→ **Data**
══════

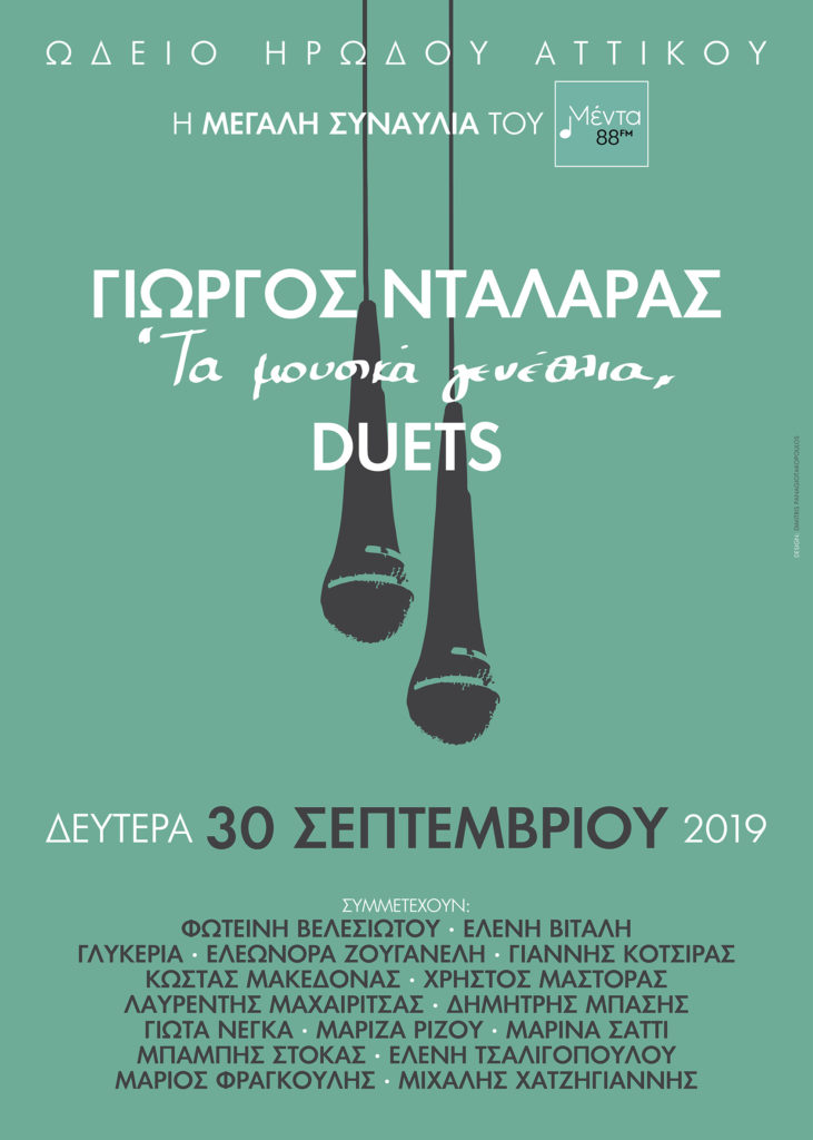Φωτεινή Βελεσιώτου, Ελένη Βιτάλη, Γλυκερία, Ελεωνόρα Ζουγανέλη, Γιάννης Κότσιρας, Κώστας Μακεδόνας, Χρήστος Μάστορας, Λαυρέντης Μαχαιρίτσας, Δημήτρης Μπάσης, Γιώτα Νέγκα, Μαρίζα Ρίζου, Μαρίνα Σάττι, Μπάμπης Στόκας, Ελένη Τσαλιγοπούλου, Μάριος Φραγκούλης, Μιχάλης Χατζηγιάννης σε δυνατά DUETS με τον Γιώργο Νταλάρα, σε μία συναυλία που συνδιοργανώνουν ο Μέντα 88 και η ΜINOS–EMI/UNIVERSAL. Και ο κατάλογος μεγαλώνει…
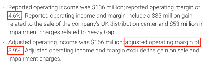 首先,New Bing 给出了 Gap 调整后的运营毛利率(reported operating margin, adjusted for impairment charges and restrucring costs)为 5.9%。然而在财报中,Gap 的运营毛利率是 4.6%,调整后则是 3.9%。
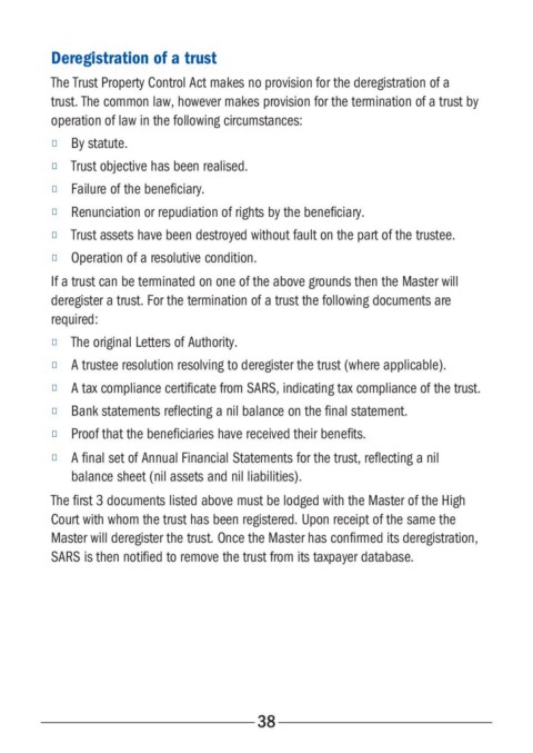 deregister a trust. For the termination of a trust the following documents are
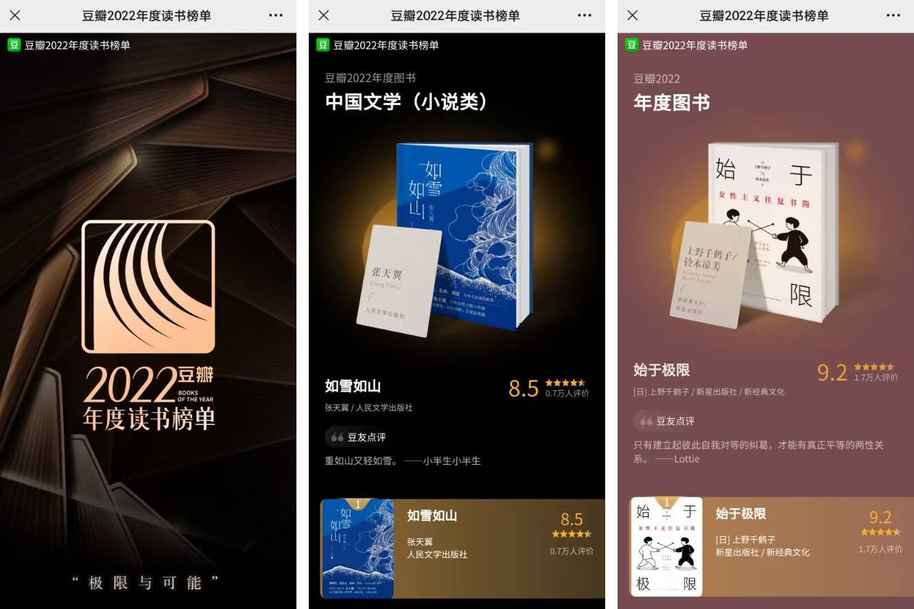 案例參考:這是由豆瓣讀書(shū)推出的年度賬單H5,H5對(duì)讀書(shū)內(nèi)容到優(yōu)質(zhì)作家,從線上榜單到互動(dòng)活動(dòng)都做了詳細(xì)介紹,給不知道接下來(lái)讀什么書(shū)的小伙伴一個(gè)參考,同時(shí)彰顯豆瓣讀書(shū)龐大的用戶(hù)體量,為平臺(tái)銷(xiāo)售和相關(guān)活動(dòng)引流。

══════

→ **Assignment**
All of the data above should be transcribed verbatim, with pictures omitted.

→ **Answer space**
Φωτεινή Βελεσιώτου, Ελένη Βιτάλη, Γλυκερία, Ελεωνόρα Ζουγανέλη, Γιάννης Κότσιρας, Κώστας Μακεδόνας, Χρήστος Μάστορας, Λαυρέντης Μαχαιρίτσας, Δημήτρης Μπάσης, Γιώτα Νέγκα, Μαρίζα Ρίζου, Μαρίνα Σάττι, Μπάμπης Στόκας, Ελένη Τσαλιγοπούλου, Μάριος Φραγκούλης, Μιχάλης Χατζηγιάννης σε δυνατά DUETS με τον Γιώργο Νταλάρα, σε μία συναυλία που συνδιοργανώνουν ο Μέντα 88 και η ΜINOS–EMI/UNIVERSAL. Και ο κατάλογος μεγαλώνει…
 首先,New Bing 给出了 Gap 调整后的运营毛利率(reported operating margin, adjusted for impairment charges and restrucring costs)为 5.9%。然而在财报中,Gap 的运营毛利率是 4.6%,调整后则是 3.9%。
 deregister a trust. For the termination of a trust the following documents are
 案例參考:這是由豆瓣讀書(shū)推出的年度賬單H5,H5對(duì)讀書(shū)內(nèi)容到優(yōu)質(zhì)作家,從線上榜單到互動(dòng)活動(dòng)都做了詳細(xì)介紹,給不知道接下來(lái)讀什么書(shū)的小伙伴一個(gè)參考,同時(shí)彰顯豆瓣讀書(shū)龐大的用戶(hù)體量,為平臺(tái)銷(xiāo)售和相關(guān)活動(dòng)引流。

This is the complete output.